* Data supplied:
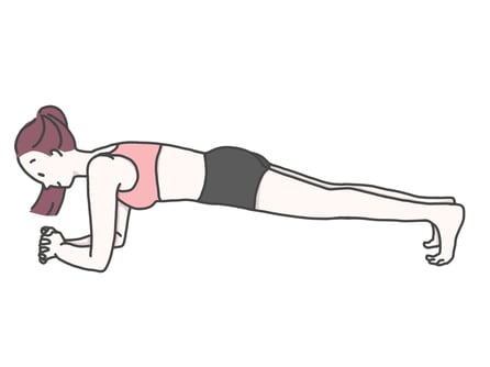 腹部を床から離し、足・膝・股・肩、全ての関節と頭が一直線になるようにします。上半身をしっかりとアイソメトリック(等尺性)に保ち、肘を肩の真下に、頭をニュートラルな姿勢で維持してください。通常は10秒から2分程度が理想だと言われています。
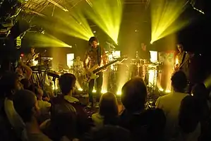 Lotus is known for concerts with a complex light setup [22][23] and varying set lists that employ frequent group improvisation. The concerts are often recorded by amateur engineers (tapers) and posted online for others to listen to.[24] Beginning with their January 27, 2008 show in Charleston, South Carolina, Lotus has sold their own soundboard recordings of certain shows on the site LiveDownloads.com; they are available in both MP3 and FLAC formats. The band has undertaken a number of tours and have performed at festivals including Jam on the River (Philadelphia, PA 2007,2008, 2014 and 2015), Wakarusa (KS 2005, 2006, 2007), Rothbury Music Festival in July 2008, 2009, 2013 and 2015, and All Good Music & Arts Festival 2010 and 2012[25] The band played a concert in New York City in September 2008 in which the new album Hammerstrike was played in full.[26] They also played at the Summer Camp Music Festival in Chillicothe, IL in 2008, 2009, 2011, 2012, 2014, 2016, and 2019. Other festivals include All Good Festival, Outside Lands, Bonnaroo, Camp Bisco, Fuji Rock,[27] and Ultra.
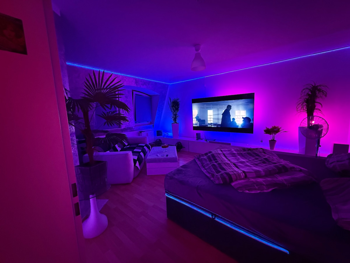 Siéntate y relájate en mi alojamiento dúplex decorado con cariño en una casa completamente renovada con calefacción por suelo radiante. Se encuentra en una casa adosada en el 1.º piso con su propia cocina abierta y un baño con ducha. La casa está bordeada por una terraza recién terminada, un gran jardín con mucha vegetación (actualmente en proceso de renovación), una piscina de 4 x 8 m con opciones de asientos y descanso. La zona exterior de la piscina también tendrá un nuevo aspecto el próximo año.
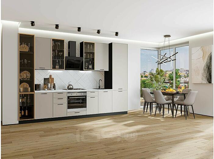 Модульный кухонный гарнитур Фрейм-06 Clay Silk/Graphite 2340x3400x600 Полки стекло
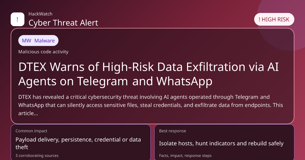 DTEX has revealed a critical cybersecurity threat involving AI agents operated through Telegram and WhatsApp that can silently access sensitive files, steal credentials, and exfiltrate data from endpoints. This article consolidates multiple corroborating reports to provide a comprehensive analysis of the risk, who is affected, and actionable steps to mitigate exposure in 2026.

* Prompt: From the first line of the entries above down to the line holding "Модульный кухонный гарнитур", quote each line exactly and nothing else, skipping pictures.

* Your response:
 腹部を床から離し、足・膝・股・肩、全ての関節と頭が一直線になるようにします。上半身をしっかりとアイソメトリック(等尺性)に保ち、肘を肩の真下に、頭をニュートラルな姿勢で維持してください。通常は10秒から2分程度が理想だと言われています。
 Lotus is known for concerts with a complex light setup [22][23] and varying set lists that employ frequent group improvisation. The concerts are often recorded by amateur engineers (tapers) and posted online for others to listen to.[24] Beginning with their January 27, 2008 show in Charleston, South Carolina, Lotus has sold their own soundboard recordings of certain shows on the site LiveDownloads.com; they are available in both MP3 and FLAC formats. The band has undertaken a number of tours and have performed at festivals including Jam on the River (Philadelphia, PA 2007,2008, 2014 and 2015), Wakarusa (KS 2005, 2006, 2007), Rothbury Music Festival in July 2008, 2009, 2013 and 2015, and All Good Music & Arts Festival 2010 and 2012[25] The band played a concert in New York City in September 2008 in which the new album Hammerstrike was played in full.[26] They also played at the Summer Camp Music Festival in Chillicothe, IL in 2008, 2009, 2011, 2012, 2014, 2016, and 2019. Other festivals include All Good Festival, Outside Lands, Bonnaroo, Camp Bisco, Fuji Rock,[27] and Ultra.
 Siéntate y relájate en mi alojamiento dúplex decorado con cariño en una casa completamente renovada con calefacción por suelo radiante. Se encuentra en una casa adosada en el 1.º piso con su propia cocina abierta y un baño con ducha. La casa está bordeada por una terraza recién terminada, un gran jardín con mucha vegetación (actualmente en proceso de renovación), una piscina de 4 x 8 m con opciones de asientos y descanso. La zona exterior de la piscina también tendrá un nuevo aspecto el próximo año.
 Модульный кухонный гарнитур Фрейм-06 Clay Silk/Graphite 2340x3400x600 Полки стекло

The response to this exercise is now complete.